# Photo of the month Winner July - Majeed Badizadegan



## runnah (Sep 3, 2014)

Congratulations go out to Majeed. Thank you to everyone who voted.

*Paint the Town Red*


Paint the Town Red by Majeed Badizadegan, on Flickr


----------



## PhotographTalk (Sep 3, 2014)

Wow that is stunning


----------



## pthrift (Sep 3, 2014)

Congrats

Sent from my Samsung Galaxy S4; probably while slacking off at work


----------



## tirediron (Sep 3, 2014)

Congratulations!


----------



## JustJazzie (Sep 3, 2014)

Beautiful!!! Can't take my eyes away. Congratulations!!


----------



## Msteelio91 (Sep 3, 2014)

Well deserved!


----------



## NancyMoranG (Sep 3, 2014)

Wow, you must have a really good camera. 
kidding of course, congrats on a wonderful image.
Nancy


----------



## awp (Sep 4, 2014)

That's nice - very nice


----------



## Majeed Badizadegan (Sep 9, 2014)

Thanks very much everyone, and thanks Runnah for putting up with dimension shenanigans this month....


----------



## baturn (Sep 9, 2014)

Congrats!


----------



## ronlane (Sep 9, 2014)

Congrats Majeed


----------



## Vince.1551 (Sep 9, 2014)

Congrats 


Sent from my iPhone using Tapatalk


----------



## Roba (Sep 11, 2014)

Congrats!
I've been trying landscapes....... I have a lot to learn.


----------



## Jos (Dec 9, 2014)

Can you tell us how you took the foto?


----------



## Warhorse (Dec 9, 2014)

Congratulations!


----------



## annamaria (Dec 9, 2014)

Congrats!!


----------



## Paul Josaph (Dec 11, 2014)

pthrift said:


> Congrats
> 
> Sent from my Samsung Galaxy S4; probably while slacking off at work





PhotographTalk said:


> Wow that is stunning



woww, it looks amazing...


----------



## Paul Josaph (Dec 15, 2014)

amazing click.


----------



## Paul Josaph (Dec 16, 2014)

pthrift said:


> Congrats
> 
> Sent from my Samsung Galaxy S4; probably while slacking off at work


Nice picture quality..


----------



## Andreas Timm Photography (Dec 19, 2014)
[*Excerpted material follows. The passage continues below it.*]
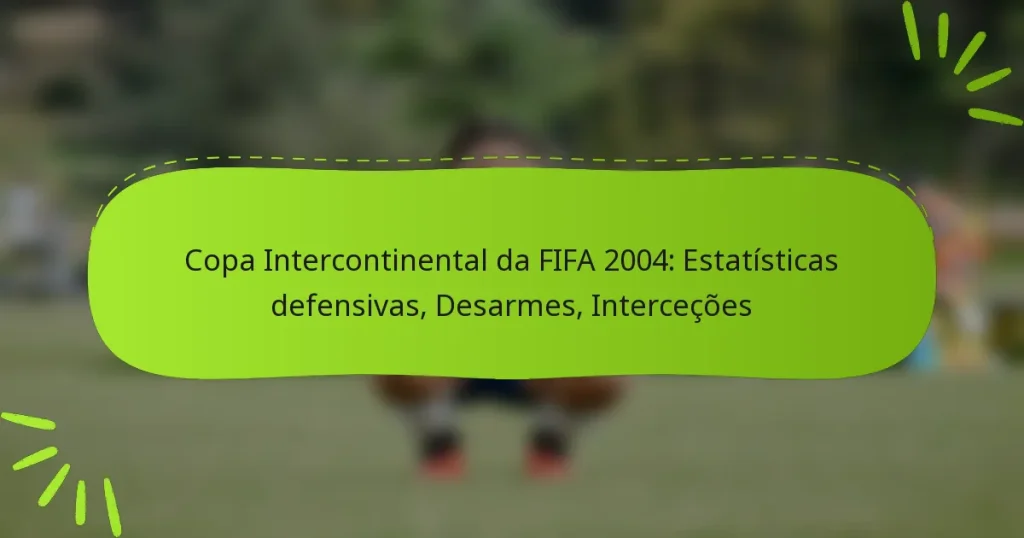 A Taça Intercontinental da FIFA 2004 destacou a importância das estratégias defensivas através de estatísticas impressionantes, incluindo desarmes e interceções. Estas métricas não apenas sublinharam o desempenho individual dos jogadores, mas também influenciaram os resultados gerais dos jogos. O torneio revelou tendências em evolução no jogo defensivo, contrastando com outras competições importantes da época. Key sections in the article: Toggle Quais são as principais estatísticas defensivas da Taça Intercontinental da FIFA 2004? Desarmes totais realizados pelas equipas Interceções totais registadas…

Cool HDR! Also like the artificial sun beams...! .-)

Best,
Andreas
--
Home - Andreas Timm Photography


----------



## pgriz (Dec 19, 2014)

Could be wrong, but I don't think they were artificial.  Majeed really, really knows his stuff.


----------



## jsecordphoto (Dec 19, 2014)

Just sun stars...not artificial. Using an aperture of f16 I'd guess. The 16-35 creates some beautiful sun stars


----------